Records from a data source
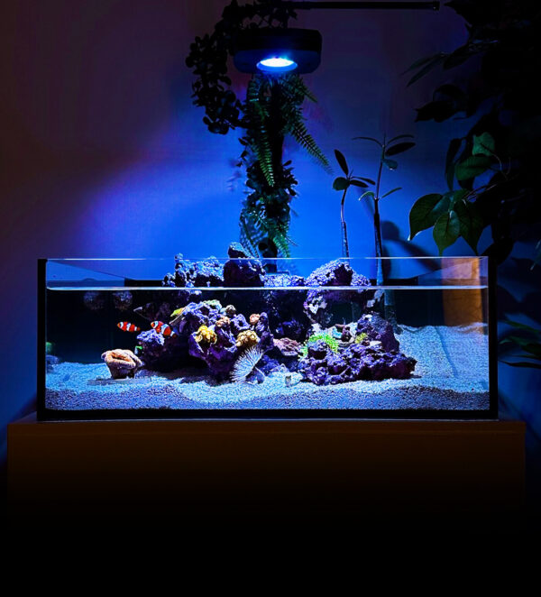 A shallow lagoon style aquarium with a convenient built in filter and unique low profile design you won't find anywhere else.
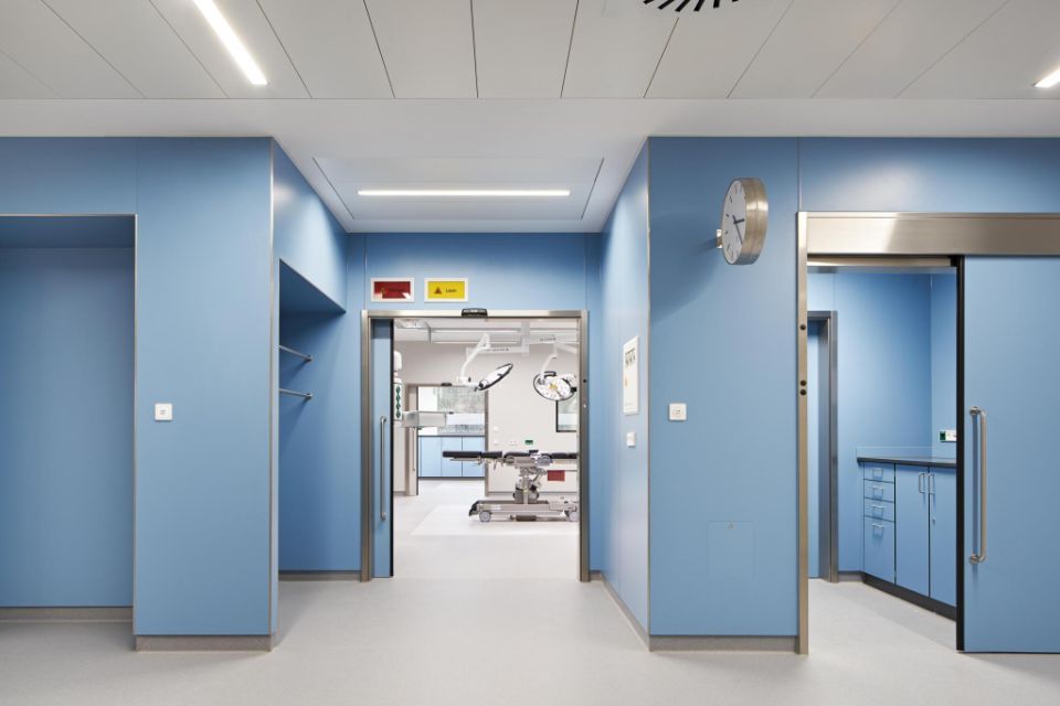 Hans-Jürgen Neugebauer was quick to realise that with its TopLab® VERTICAL range, Trespa offered the ideal wall cladding option, with the potential to meet everybody’s expectations. He points out that the material is easy to clean, while being more affordable and significantly more shock-resistant than other panels. Hans-Jürgen Neugebauer considers HPL of Trespa to be a better fit than stainless steel as well: “Uncoated stainless steel is not suitable anymore in operating theatres, especially on large surfaces: with the increasing use of laser-based surgical instruments, unintended reflections could be potentially disastrous. Accordingly, only coated stainless steel would be acceptable – and it is markedly pricier. In this respect, TopLab® VERTICAL panels represent an attractive and definitely appropriate alternative”.
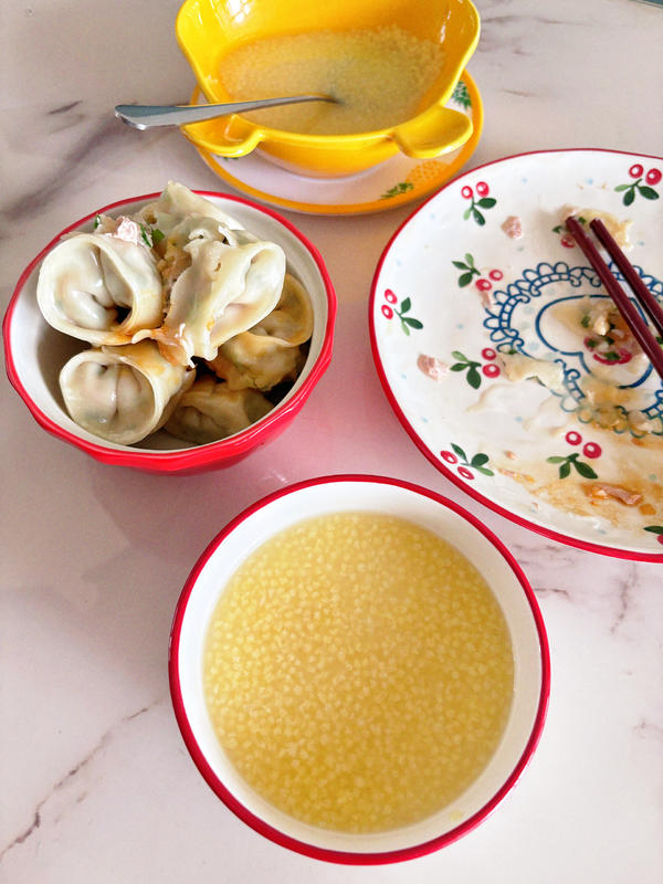 姐姐洗完脸过来说的第一句话却是:我的小米粥呢? 没错,姐姐吃韭菜猪肉饺子要配小米粥吃才行。
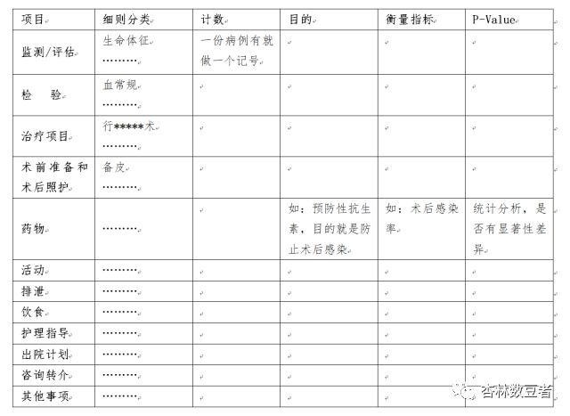 讲座笔记:医疗质量管理——临床路径这篇是根据马作镪博士的讲座内容,查询相关文献、整理省肿瘤医院团队现场制作的案例及我们一些观点综合而成,分享给大家,希望对大家有所帮助。 医疗质量管理是医院的核心任务。在国家推行“询证医学”理念并且建立了各种病种的临床诊疗规范指南之后,如何让患者在医院的诊疗过程更规范合理一直是医改的重要内容之一,2009年国家卫生与计划生育委员会国家卫计委推行临床路径管理无疑是进一步提高诊疗规范性的有力工具。 一、什么是临床路径? 临床路径对于临床诊疗,就像‘食谱’之于做菜一样,是一个具有科学性和时间顺序性的标准‘流程图’。它是指针对某一单病种的诊断、治疗、康复和护理所制定的一个诊疗标准化模式,是一个有严格工作顺序、准确时间要求的规范化的医疗护理照顾计划。 二、临床路径的起源 20世纪80年代后期,美国政府为了遏制医疗费用不合理增长,提高卫生资源利用率,医疗保险支付由传统的后付制改为按疾病诊断相关组支付(DRGs)。医院出于自身效益考虑,将临床路径应用于护理管理,作为缩短住院日的手段。1985年美国新英格兰医疗中心(New England Medical Center)率先实施临床路径,并证实成功降低了高涨的医疗费用。临床路径由此受到美国医学界的重视并不断发展,逐渐成为既能贯彻医院质量管理标准,又能节约资源的医疗标准化模式。 三、临床路径的作用 1.发展一套最适当、最具成本效益的治疗模式 2.医疗质量的维持与改善 3.减少医疗照护上不必要的差异 4.促进医疗团队内成员的合作无间 5.强调持续性医疗照护 6.医疗成本的控制 7.医疗纠纷的预防 8.病患满意度的提升 四、临床路径的建立步骤 1 步骤一: 选择病种。什么样的病种需要建立临床路径呢?可以参照一下原则: (一)列为论病种计酬制之医疗项目 (二)变异较少之医疗项目 2 步骤二: 成立临床路径小组。小组人员应包括可能涉及的相关专业专家,如:医师、护理人员、检验、影像、营养、临床路径管理员、相关行政人员、其他。 3 步骤三: 病例回顾。目的是通过选定病种的既往病历分析出医疗过程中关键医疗措施,。可以从监测/评估、检查检验、用药、治疗、术前/术后照护等方面分析,每项医疗措施回顾内容应包括医疗措施的项目归类(如:监测/评估、检查检验、用药、治疗、术前/术后照护)、名称细则分类、回顾病历中应用次数计数、医疗措施应用目的、评价医疗措施效果衡量指标、应用与不应用该医疗措施相比衡量指标的统计学差异(P-Value)(详见例表)。 病例回顾表 4 步骤四: 依据步骤三病历资料回顾分析结果,将应用次数多的及应用结果评价有差异的医疗措施筛选出来作为关键医疗措施,按照时间顺序列出基本医疗流程。 5 步骤五: 团队做文献回顾。临床路径小组内专业成员查阅相关国家政策规定及专业指南等明确列出的基本医疗流程的合理性及有无遗漏。 6 步骤六: 依照病例回顾和文献,订出基本临床路径草案,并送院科会讨论。
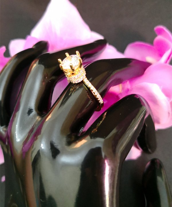 Beautifully crafted Golden Ring with zircon band and a big zircon in the center to enhance its beauty.
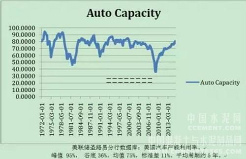 美國(guó)汽車制造業(yè)的產(chǎn)能過剩的變動(dòng)幅度,比鋼鐵業(yè)還要嚴(yán)重。設(shè)備利用率在36-95% 大幅擺動(dòng)。平均周期為5.5年。
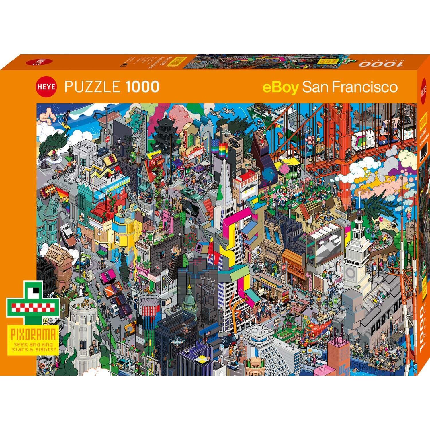 If you're going to San Francisco be sure that you'll find Blockbob there! Aber nicht nur diese ikonische Pixelfigur, sondern auch viele andere Stadtbesonderheiten! 1.000 Teile; Maße Puzzle: 500 x 700mm
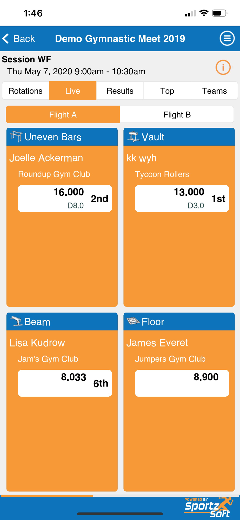 Provides easy access to current meets that are active, as well as the ability to search for other meets by region and timeframe. Each meet provides live scoring and results by session.

▶ _WHAT IS REQUIRED_: Word for word, write out the lines above running from the one with "姐姐洗完脸过来说的第一句话却" up to and including the one with "Beautifully crafted Golden". Drop any picture.

▶ _RESULT FOR THIS TASK_:
 姐姐洗完脸过来说的第一句话却是:我的小米粥呢? 没错,姐姐吃韭菜猪肉饺子要配小米粥吃才行。
 讲座笔记:医疗质量管理——临床路径这篇是根据马作镪博士的讲座内容,查询相关文献、整理省肿瘤医院团队现场制作的案例及我们一些观点综合而成,分享给大家,希望对大家有所帮助。 医疗质量管理是医院的核心任务。在国家推行“询证医学”理念并且建立了各种病种的临床诊疗规范指南之后,如何让患者在医院的诊疗过程更规范合理一直是医改的重要内容之一,2009年国家卫生与计划生育委员会国家卫计委推行临床路径管理无疑是进一步提高诊疗规范性的有力工具。 一、什么是临床路径? 临床路径对于临床诊疗,就像‘食谱’之于做菜一样,是一个具有科学性和时间顺序性的标准‘流程图’。它是指针对某一单病种的诊断、治疗、康复和护理所制定的一个诊疗标准化模式,是一个有严格工作顺序、准确时间要求的规范化的医疗护理照顾计划。 二、临床路径的起源 20世纪80年代后期,美国政府为了遏制医疗费用不合理增长,提高卫生资源利用率,医疗保险支付由传统的后付制改为按疾病诊断相关组支付(DRGs)。医院出于自身效益考虑,将临床路径应用于护理管理,作为缩短住院日的手段。1985年美国新英格兰医疗中心(New England Medical Center)率先实施临床路径,并证实成功降低了高涨的医疗费用。临床路径由此受到美国医学界的重视并不断发展,逐渐成为既能贯彻医院质量管理标准,又能节约资源的医疗标准化模式。 三、临床路径的作用 1.发展一套最适当、最具成本效益的治疗模式 2.医疗质量的维持与改善 3.减少医疗照护上不必要的差异 4.促进医疗团队内成员的合作无间 5.强调持续性医疗照护 6.医疗成本的控制 7.医疗纠纷的预防 8.病患满意度的提升 四、临床路径的建立步骤 1 步骤一: 选择病种。什么样的病种需要建立临床路径呢?可以参照一下原则: (一)列为论病种计酬制之医疗项目 (二)变异较少之医疗项目 2 步骤二: 成立临床路径小组。小组人员应包括可能涉及的相关专业专家,如:医师、护理人员、检验、影像、营养、临床路径管理员、相关行政人员、其他。 3 步骤三: 病例回顾。目的是通过选定病种的既往病历分析出医疗过程中关键医疗措施,。可以从监测/评估、检查检验、用药、治疗、术前/术后照护等方面分析,每项医疗措施回顾内容应包括医疗措施的项目归类(如:监测/评估、检查检验、用药、治疗、术前/术后照护)、名称细则分类、回顾病历中应用次数计数、医疗措施应用目的、评价医疗措施效果衡量指标、应用与不应用该医疗措施相比衡量指标的统计学差异(P-Value)(详见例表)。 病例回顾表 4 步骤四: 依据步骤三病历资料回顾分析结果,将应用次数多的及应用结果评价有差异的医疗措施筛选出来作为关键医疗措施,按照时间顺序列出基本医疗流程。 5 步骤五: 团队做文献回顾。临床路径小组内专业成员查阅相关国家政策规定及专业指南等明确列出的基本医疗流程的合理性及有无遗漏。 6 步骤六: 依照病例回顾和文献,订出基本临床路径草案,并送院科会讨论。
 Beautifully crafted Golden Ring with zircon band and a big zircon in the center to enhance its beauty.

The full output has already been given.